Galega orientalis is a species of flowering plant in the Fabaceae, the legume family. It is known commonly as fodder galega and eastern galega. It is cultivated as a fodder and forage for livestock.

This species is native to the Caucasus. Its native range includes parts of Russia, Armenia, and Azerbaijan. It has been introduced to many other regions for use in agriculture.

== Taxonomy ==
It was first described in 1788 by Jean-Baptiste Lamarck.

==Description==
This species is a perennial herb with a taproot and rhizome system. It produces stems up to 2 m tall which branch near the middle. The leaves are pinnate. The inflorescence bears up to 70 lilac-colored flowers, and some cultivars can produce more. The fruit pod is up to 4 cm long and contains up to 8 seeds each a few millimeters in length.

==Biology==
The plant can grow on a variety of soil types, performing best on deep, light, friable, well-drained, higher-pH soils. It is quite tolerant of winter cold, but late-season frosts can damage fresh growth. It is somewhat tolerant of drought and flooding. It does not do as well on acidic, peaty, or water-logged soils. It responds well to supplemental phosphorus and potassium.

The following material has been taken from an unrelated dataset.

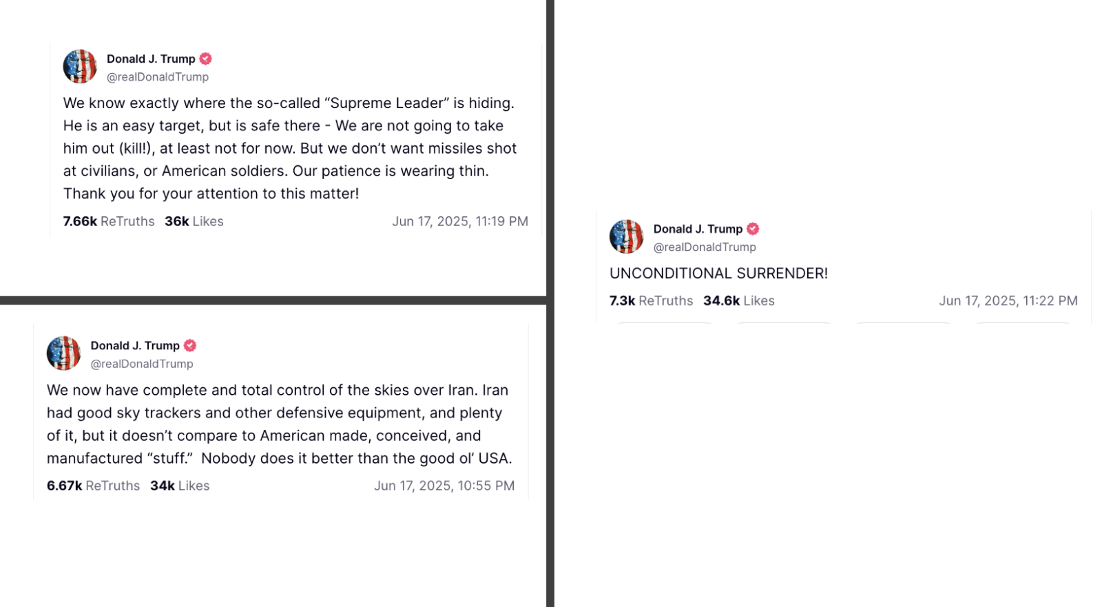 Loạt bài đăng trên mạng xã hội Truth Social của Tổng thống Mỹ Donald Trump vào tối 17/6/2025 về vấn đề Iran. Ảnh chụp màn hình

Like many other legumes, it fixes nitrogen. Its root nodule bacterium is Rhizobium galegae. Growers must ensure that their seed has been inoculated with it to produce adequate plant growth. Some strains of R. galegae are more effective symbionts than others, and different strains compete on one plant. When a less effective strain outcompetes effective strains, the plant does not grow as well.

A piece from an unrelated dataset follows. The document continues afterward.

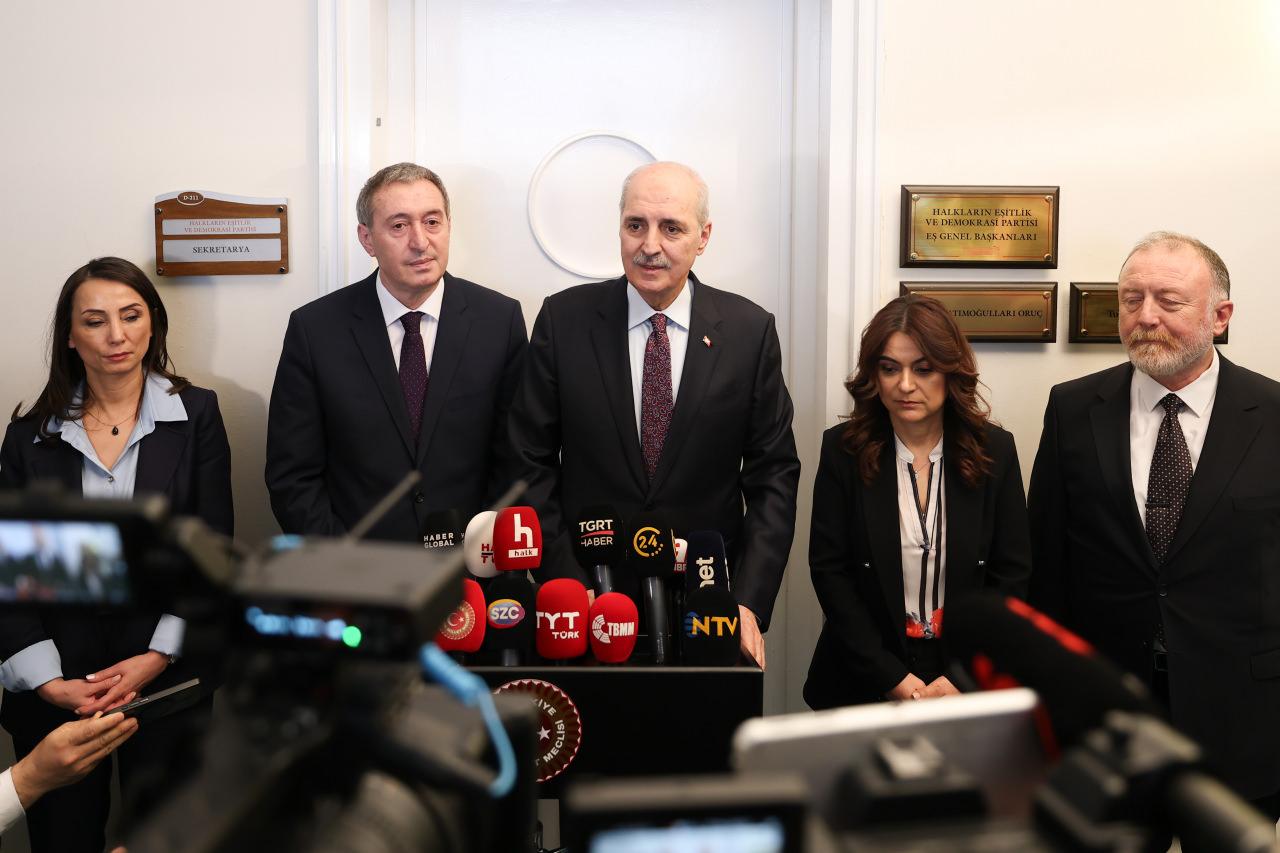 TBMM Başkanı Kurtulmuş, görüşmenin ardından gazetecilere yaptığı açıklamada, Milli Dayanışma, Kardeşlik ve Demokrasi Komisyonu sürecinde verdikleri destek dolayısıyla DEM Parti’ye teşekkür etti.

The rhizome of the plant makes it persistent in the field; the rhizome spreads, sending up new stems, and the plant can live well over ten years, even exceeding 30 years in some areas.

==Ecology==
The flowers are pollinated by bees. It produces good quantities of nectar and pollen. It makes a good honey plant.

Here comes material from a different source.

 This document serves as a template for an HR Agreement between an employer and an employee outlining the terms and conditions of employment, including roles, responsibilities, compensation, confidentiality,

The plant is host to several fungal species, some pathogenic, such as Ascochyta sp., which causes blight, Fusarium oxysporum, which causes Fusarium wilt, and the gray mould Botrytis cinerea. Other species include Humicola brevis, Acremonium strictum, and Cladosporium cladosporioides.

==Uses==
This plant is grown to feed livestock. Its potential value as a fodder was first suggested in 1908, and trials began near Moscow in the 1920s. It is productive, persistent, and nutritious, with high protein. It contains high levels of carotene, minerals, and vitamins, especially vitamin C. It produces many crops of vegetation, its rhizome continuing to produce stems as it grows. It can be cut down repeatedly and taken for hay and silage, and the stubble can be grazed. The whole plant is not generally suitable for grazing, though. It works well as a companion to a non-competitive grass such as timothy or fescue. In cold northern regions it is valuable because it produces vegetation earlier in the spring and continues later in the fall than some other forages. It is low in toxic alkaloid concentration, making it useful as feed when its alkaloid-rich close relative Galega officinalis is not.

The cultivar 'Gale', developed jointly by Estonian and Russian breeders, was released in 1987. The cultivars 'Vidmantai', 'Laukiai', and 'Melsviai' have been bred in Lithuania.

The plant has been investigated as a source of biogas, and it has produced a good amount in trials when mixed with grasses and manure.

It has been tested as an agent of bioremediation of oil-polluted soils. Some of the bacteria it hosts can degrade soil pollutants such as toluenes.

It is also grown as an ornamental plant in gardens.

The plant has also been considered a prospective energy crop.